Anyone interested in becoming a better news consumer should read “It’s Not News, It’s Fark: How Mass Media Tries to Pass Off Crap as News.”

In it, Drew Curtis, creator of Fark.com, outlines the tactics that mass media use to fill the myriad gaps of the 24-hour news cycle. (Unsurprisingly, the book received little coverage from mass media outlets.) Some sections are obvious, like “Media Fatigue” (which will probably be the name of a diagnosable medical syndrome in the near future). 

Another section is “Unpaid placement masquerading as actual article.” This occurs when a company or author releases an unconfirmed report likely to catch readers’ attention. It’s also, I’ve come to realize, the piece of “not news” that led to clickbait and listicals. 

An example of this transpired a few months ago. I received a press release with the subject, “News: Safest Colleges in Oregon Report for 2016.” It’s an annual research report by BackgroundChecks.org. The press release stated:

“To compile the report, BackgroundChecks.org combined data from recent FBI Crime Reports, Department of Education statistics, student surveys, natural language analysis, social media sentiment analysis and their own research to create a ranking of the 50 Safest Colleges in Oregon.

“It’s a true testament to great policing, strong leadership, faculty and student involvement”, said Jessica Pierce, a BackgroundChecks.org public safety analyst. “In a world full of bad news, it’s great to have something positive for administration, faculty and students, and it’s something to be proud of.”

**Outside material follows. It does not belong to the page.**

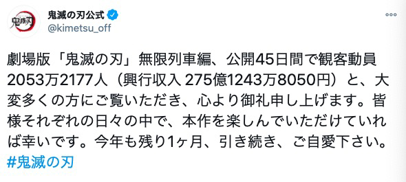 于10月16日公映的“鬼灭”剧场版《无限列车》以迅雷之势成为了日本“社会现象”级别的作品。上映后的首个周末票房就实现了历史最佳的46亿日元。仅10天后,这一数字就又轻松突破了100亿日元。《千与千寻》“破百”的天数为25天,而该片2001年上映后以308亿日元(约19.5亿元人民币)的纪录保持着日本影史票房冠军地位。

The website does this report for all 50 states. Of course, news agencies will report the findings without questioning the research and provide the website the free PR it is seeking. 

In case you’re wondering, George Fox was ranked No. 3 on the list for 2016, and Linfield 22nd. A similar list by niche.com, however, ranked Linfield 13th and George Fox outside its top 15.

Other patterns exhibited in Curtis’ book are: fearmongering, headlines contradicted by actual article, equal time for nutjobs, seasonal articles, lesser media space fillers and (one particularly grinding my gears lately) the out-of-context celebrity comment. 

The most egregious of the latter is sports news outlets. Every time Charles Barkley gives an opinion, for some reason it becomes news.

Twitter has raised the “celebrity comment to news” transition to new heights. Reporting what a famous person says or tweets regarding a news story can be fine. But when the comment is the news story, we have a problem.

And it’s finally arrived to the point of domestic and foreign policy via social media. 

In its frenzy for viewers, the mass media covered everything Donald Trump tweeted throughout the election as if it were actual important news. Now that he’s set to become leader of the free world, it actually is news. Or is it? I’m not sure what I know anymore about the mass media.

From fake news to non news to clickbait to repetitive aggregaters to biased consumerism ... I think I may need to see a doctor about that media fatigue syndrome.